Les effets de la libéralisation

Dans les années 80, malgré leurs prérogatives dans le secteur du transport public, les comtés n’ont pas porté un grand intérêt au transport ferroviaire, et de nombreuses lignes furent fermées. Mais une véritable renaissance est apparue dès les années 90, quand certaines lignes fermées ont été réouvertes et que de nouvelles conditions cadres étaient établies pour acquérir du nouveau matériel roulant.

L’ancienne société Banverket avait doublé et même triplé ses investissements dans les infrastructures, tandis que l’entreprise SJ bénéficiait d’un allégement considérable de ses charges financières. La séparation de l’infrastructure a aussi permis de montrer au public et aux politiciens le coût réel de la voie ferroviaire : leur responsabilité était cette fois étalée au grand jour, ce qui n’était pas possible auparavant quand les subsides étaient dilués dans un seul groupe public.

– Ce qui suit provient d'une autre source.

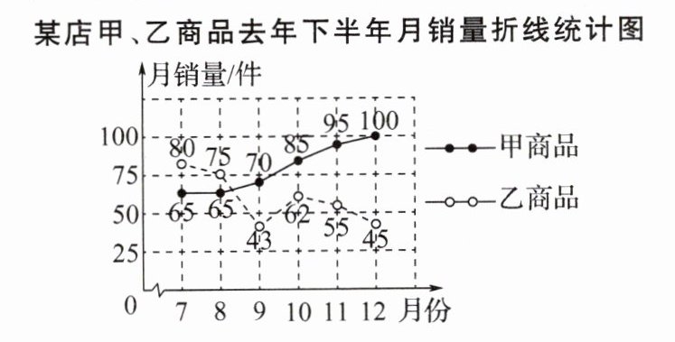 9. 某店对甲、乙两类商品的销量进行统计,去年下半年月销量折线统计图如图所示.

Le tableau ci-dessous montre une décroissance des subsides sur quelques exemples de lignes régionales :

Une étude réalisée en 2016 montre qu’en Suède, à l’instar de l’Allemagne, la croissance a été la plus forte dans le secteur régional où se concentrent les contrats de service public. Cependant, certains auteurs expliquent que cette croissance rapide ne doit pas être entièrement attribuée à la régionalisation ferroviaire; une grande partie de cela provient probablement de facteurs externes tels que la croissance des villes et du taux d’emplois en centre-ville. Par conséquent, même si les contrats de service public n’ont pas été le principal déterminant de la croissance du trafic ferroviaire, ils en ont été un facteur contributif.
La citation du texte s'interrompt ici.